[Records from a data collection]

____________

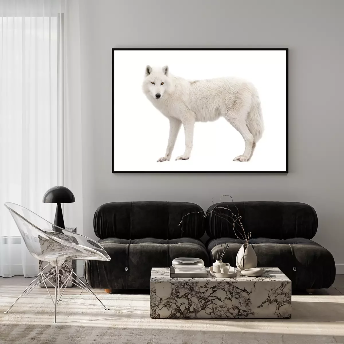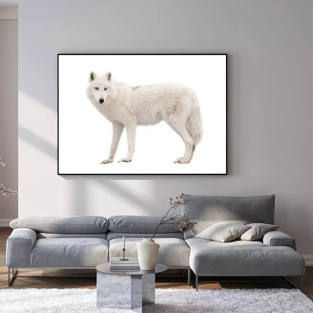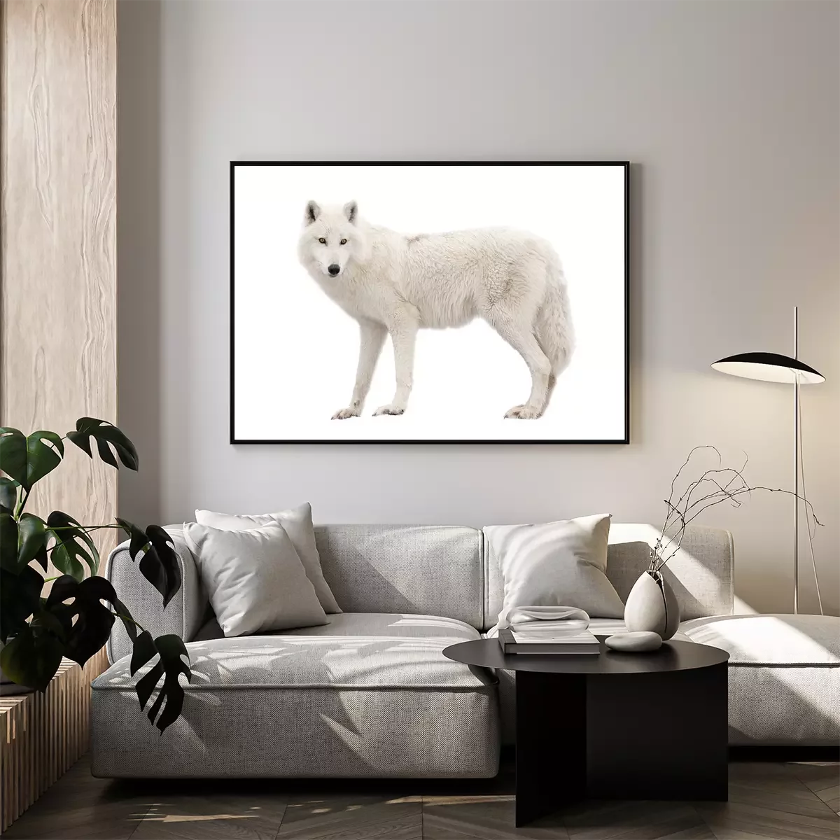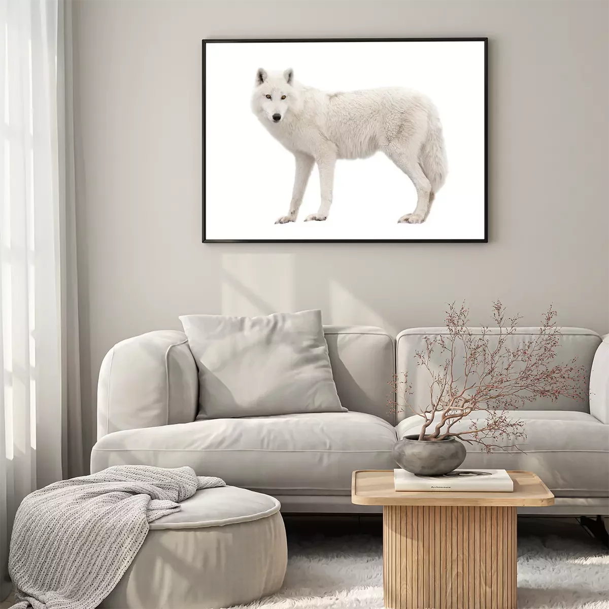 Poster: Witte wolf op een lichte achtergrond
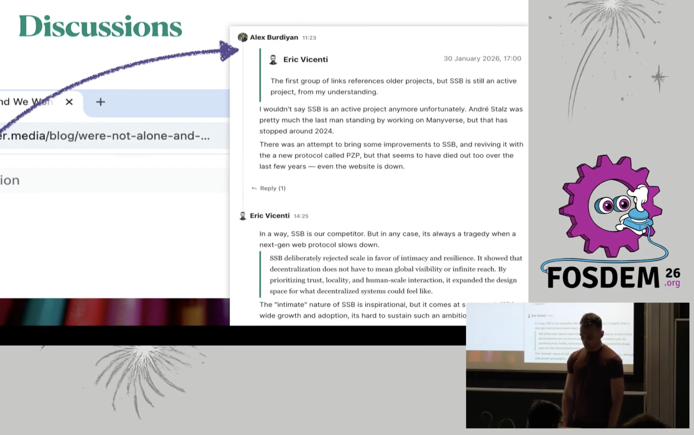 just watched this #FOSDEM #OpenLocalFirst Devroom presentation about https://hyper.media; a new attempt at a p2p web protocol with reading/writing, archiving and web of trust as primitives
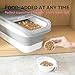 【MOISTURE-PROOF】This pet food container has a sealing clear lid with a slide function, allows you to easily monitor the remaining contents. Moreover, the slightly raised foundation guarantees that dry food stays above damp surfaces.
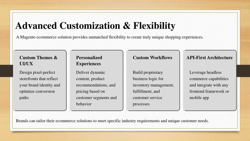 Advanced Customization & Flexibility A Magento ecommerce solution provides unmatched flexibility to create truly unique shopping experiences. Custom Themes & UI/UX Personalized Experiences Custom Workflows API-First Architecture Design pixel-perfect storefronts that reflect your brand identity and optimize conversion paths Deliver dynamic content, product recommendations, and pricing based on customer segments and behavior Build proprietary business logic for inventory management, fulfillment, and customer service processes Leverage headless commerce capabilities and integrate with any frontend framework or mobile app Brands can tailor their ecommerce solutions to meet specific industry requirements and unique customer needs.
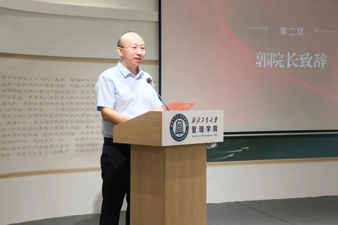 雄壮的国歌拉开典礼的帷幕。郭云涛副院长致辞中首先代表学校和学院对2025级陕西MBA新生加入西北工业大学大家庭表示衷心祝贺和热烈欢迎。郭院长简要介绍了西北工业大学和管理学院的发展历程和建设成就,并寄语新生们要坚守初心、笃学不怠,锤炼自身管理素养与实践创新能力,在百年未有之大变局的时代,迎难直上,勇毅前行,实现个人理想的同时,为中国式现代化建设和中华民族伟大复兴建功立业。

____________

* **What you need to do**: Return every record above exactly as written, but drop the pictures.

* **Your solution**:
 Poster: Witte wolf op een lichte achtergrond
 just watched this #FOSDEM #OpenLocalFirst Devroom presentation about https://hyper.media; a new attempt at a p2p web protocol with reading/writing, archiving and web of trust as primitives
 【MOISTURE-PROOF】This pet food container has a sealing clear lid with a slide function, allows you to easily monitor the remaining contents. Moreover, the slightly raised foundation guarantees that dry food stays above damp surfaces.
 Advanced Customization & Flexibility A Magento ecommerce solution provides unmatched flexibility to create truly unique shopping experiences. Custom Themes & UI/UX Personalized Experiences Custom Workflows API-First Architecture Design pixel-perfect storefronts that reflect your brand identity and optimize conversion paths Deliver dynamic content, product recommendations, and pricing based on customer segments and behavior Build proprietary business logic for inventory management, fulfillment, and customer service processes Leverage headless commerce capabilities and integrate with any frontend framework or mobile app Brands can tailor their ecommerce solutions to meet specific industry requirements and unique customer needs.
 雄壮的国歌拉开典礼的帷幕。郭云涛副院长致辞中首先代表学校和学院对2025级陕西MBA新生加入西北工业大学大家庭表示衷心祝贺和热烈欢迎。郭院长简要介绍了西北工业大学和管理学院的发展历程和建设成就,并寄语新生们要坚守初心、笃学不怠,锤炼自身管理素养与实践创新能力,在百年未有之大变局的时代,迎难直上,勇毅前行,实现个人理想的同时,为中国式现代化建设和中华民族伟大复兴建功立业。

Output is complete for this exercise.